I believe that C-11 is generally a good law that does what it purports to do: modernize the Broadcasting Act to ensure that online streamers and platforms play by the same rules as Canadian broadcasters do when it comes to investing in and promoting Canadian content. The bill supports Canadian jobs and Canadian creative voices in a space that is dominated by foreign Big Tech firms and a tsunami of content from the massive American market.

C-11 does this by continuing the current two-part regulatory structure under the Broadcasting Act. The act itself sets out a series of policy objectives, including that the Canadian broadcasting system should “serve to safeguard, enrich and strengthen the cultural, political, social and economic fabric of Canada.” The CRTC is then empowered to implement those objectives, which it does, setting specific rules —including exemptions where appropriate — following an open consultation process.

This two-part approach is quite intentional. Delegating regulation to an arm’s-length body like the CRTC reduces the possibility of political interference in broadcasting regulation, something that’s critical to do in a democratic society. The CRTC has been recognized by the courts as a specialized expert body that has sector-specific knowledge the average parliamentarian simply doesn’t. And the CRTC can move more quickly than Parliament to adjust regulation as circumstances change. These are all good things.

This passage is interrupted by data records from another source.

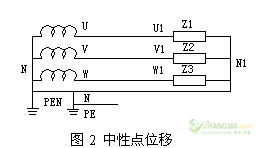 1.2   三相不平衡且中性線斷線、未接好或阻抗較大導(dǎo)致中性點(diǎn)位移
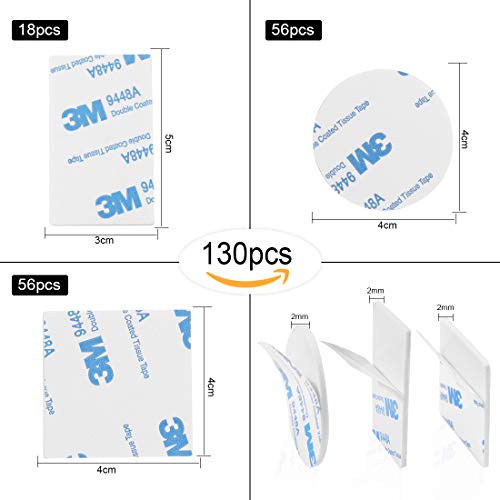 ✄【Confezione da 130 in 1】Confezione contiene 130 pezzi di tamponi biadesivi, 56 pezzi quadrati, 56 pezzi rotondi, 18 pezzi rettangolari, dimensioni dei cuscinetti quadrati in schiuma: 4 x 4 cm, diametro dei cuscinetti rotondi in schiuma: 4 cm, dimensioni rettangolari: 3 x 5 cm, spessore 2mm.
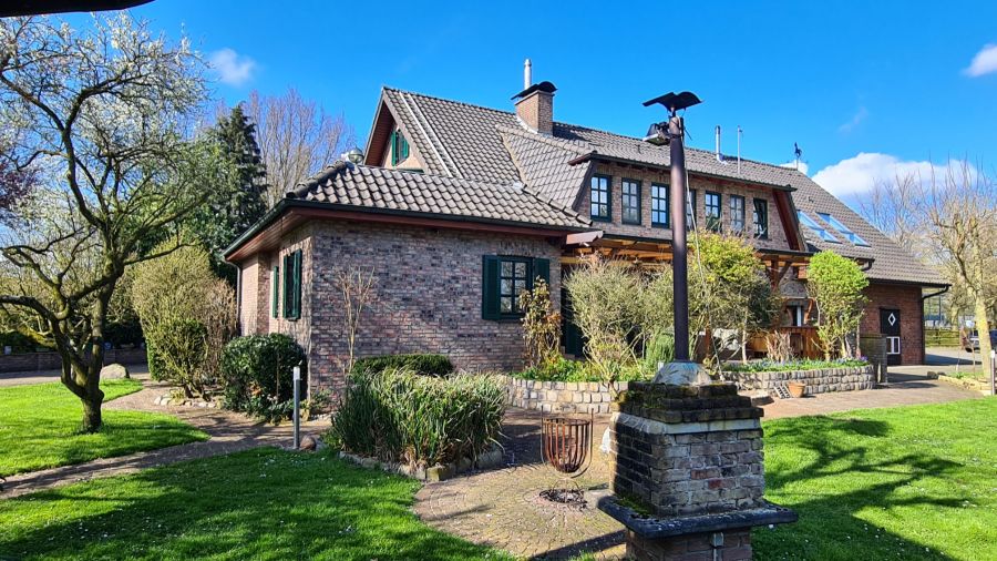 exklusives Landhaus/Mehrfamilienhaus/Resthof im herrlich grünen Außenbereich von Rees, nur wenige Minuten zum Stadtzentrum. Das Mehrfamilienhaus besteht aus 4 Einheiten, konkret 3 Eigentumswohnungen und eine Einliegerwohnung. Der Scheunentrakt / Heuboden wurde 2018 ausgebaut (Wohnung 3) Wohnung 1 + 2 wurden 1993 grundsaniert und stets modernisiert sowie renoviert. In Wohnung 1, Erdgeschoß, wurde 2013 ein neues Bad installiert, 2009 wurde die Küche erneuert, sowie Küche, Eßzimmer und Wohnzimmer zusammengelegt. Die ehem. Pferdeställe fungieren aktuell nur noch als Abstellräume, wären jedoch jederzeit wieder als Pferdestall nutzbar. In rund 30 Meter vom Grundstück entfernt befinden sich rund 10.000 qm Pferdeweiden und 5.000 qm Waldflächen, welche optional dazu erworben werden können für 250.000 , Flurstücke 73 + 92, Flur 12, Rees. Zusätzlich kann in direkter Nachbarschaft zum Haus in östlicher Richtung ein Gewerbegrundstück mit einem ehem. Pferdekarussell gepachtet oder erworben werden (Flur 11, Flurstück 312, 4.300 qm, 490.000 ) Dieses Grundstück bietet zahlreiche Nutzungsmöglichkeiten, wie Kleintierhaltung, Pferdehaltung oder den Bau einer Halle. Weitere Entfaltungsmöglichkeiten können gerne bei einem Treffen vor Ort besprochen werden. Seit 2004 werden die Wohnungen durch ein Fernwärmenetz versorgt durch einen Holzscheitkessel in der benachbarte ehem. Reithalle. Dort befindet sich ein 50 kW Holzofen in Verbindung mit einer 160 qm großen thermischen Solaranlage. 2 Gasanschlüsse sind vorhanden, so dass eine autarke Heizenergieversorgung jederzeit wieder möglich wäre, falls man sich vom Fernwärmenetz abkoppeln möchte oder man entscheidet sich für eine Wärmepumpe. In den Übergangszeiten sorgen 3 Holz- u. 1 Kachelofen in den Wohnungen für reichlich Wärme, so dass eine echte Autarkie stets gewährleistet ist. Zusätzliche Warmwasserversorgung wird stets per Durchlauferhitzer gewährleistet. Die Holzversorgung ist durch den nahe gelegenen Wald sowie immensen Holzvorrat für die nächsten Jahre stets gesichert. Verkauft wird direkt vom Eigentümer. Besichtigungen werden nach Vorlage einer aktuellen Finanzierungsbestätigung durchgeführt.
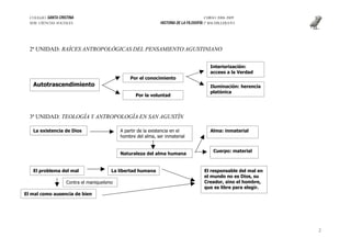 San Agustín de Hipona sintetizó el platonismo cristiano. Defendió que la fe y la razón se complementan y apuntan a una única verdad, en respuesta a los motivos teóricos y históricos de la época. Propuso que el acceso a la verdad se logra a través del conocimiento interior iluminado y de la voluntad, y defendió la existencia de Dios a partir del alma inmaterial del hombre. Explicó el problema del mal como consecuencia de la libertad humana para elegir el bien o su ausencia, rech
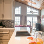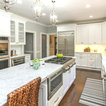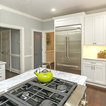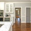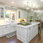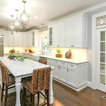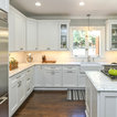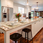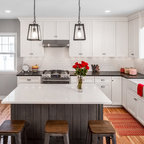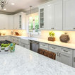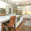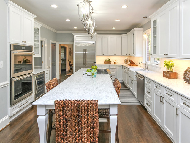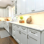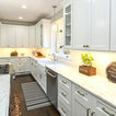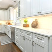 White shaker cabinets and a farmhouse sink for this elegant kitchen renovation.
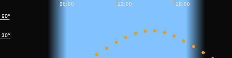 | Aufgang | 09:18 Uhr im Osten (αAz = 83,9°) |
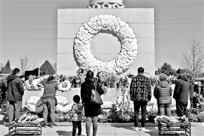 家屬手捧鮮花,在北京長青生命紀念園生態(tài)葬紀念碑前祭奠逝者 攝影/本報記者 魏彤
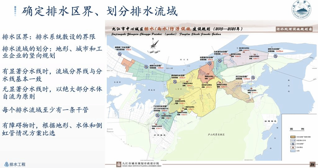 教师:以九江市排水规划为例,介绍本地污水管网、雨水管网、易涝点治理的布置和规划工作。

Yet this structure has resulted in criticisms that C-11 basically “leaves everything up to the CRTC.” The argument goes that, rather than specifying exactly what will be regulated and how, C-11 represents a “just trust the CRTC” approach.

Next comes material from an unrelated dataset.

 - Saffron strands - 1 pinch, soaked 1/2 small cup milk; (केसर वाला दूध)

Bill C-11 does no such thing. Section 3 sets out cultural-policy objectives for the CRTC to follow. Section 5 sets out a regulatory approach, including guidance on not regulating when doing so wouldn’t contribute in a material manner to the implementation of those policy objectives. The act and the CRTC are subject to oversight by courts of law. By my count, C-11 consists of 38 pages and more than 12,000 words of not “just trusting” the CRTC.

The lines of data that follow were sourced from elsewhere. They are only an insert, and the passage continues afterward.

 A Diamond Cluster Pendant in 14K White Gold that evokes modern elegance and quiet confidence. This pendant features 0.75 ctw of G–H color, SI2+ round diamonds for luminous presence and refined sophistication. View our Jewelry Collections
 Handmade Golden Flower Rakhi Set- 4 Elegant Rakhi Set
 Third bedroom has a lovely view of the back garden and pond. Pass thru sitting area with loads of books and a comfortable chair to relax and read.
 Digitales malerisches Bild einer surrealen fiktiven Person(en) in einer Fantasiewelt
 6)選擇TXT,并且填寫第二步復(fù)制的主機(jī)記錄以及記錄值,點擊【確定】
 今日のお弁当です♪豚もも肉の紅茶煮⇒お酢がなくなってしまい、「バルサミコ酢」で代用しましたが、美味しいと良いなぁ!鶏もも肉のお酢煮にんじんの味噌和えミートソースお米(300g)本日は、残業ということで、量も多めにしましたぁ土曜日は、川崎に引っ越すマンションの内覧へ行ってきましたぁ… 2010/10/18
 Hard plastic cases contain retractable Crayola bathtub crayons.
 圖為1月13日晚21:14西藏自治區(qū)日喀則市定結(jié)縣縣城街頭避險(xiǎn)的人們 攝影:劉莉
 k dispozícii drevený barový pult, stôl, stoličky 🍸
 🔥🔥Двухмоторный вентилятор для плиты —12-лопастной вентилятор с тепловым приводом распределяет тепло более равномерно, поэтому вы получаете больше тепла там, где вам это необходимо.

At the same time, it is true that C-11 gives the CRTC discretion to craft detailed regulation. Here, trust does play a role, as it does with all our democratic institutions. It presumes reasonable trust in the law and in a consultative process. In particular, the CRTC has Rules of Practice and Procedure that provide a kind of due process for regulatory decision-making. Canadians who want to participate in this process can do so by making their views known. What you can trust is that your views will be heard by the CRTC.

The alternative to an open, publicly accountable process like this is, perhaps ironically, the very blind trust that C-11’s critics purport to warn us against: blind trust in corporations. Where is the comparable consultation process for the activities of Netflix or YouTube? C-11 will allow the CRTC to gather data from tech platforms, making more information available to the public. What right of access do Canadians have to such data otherwise?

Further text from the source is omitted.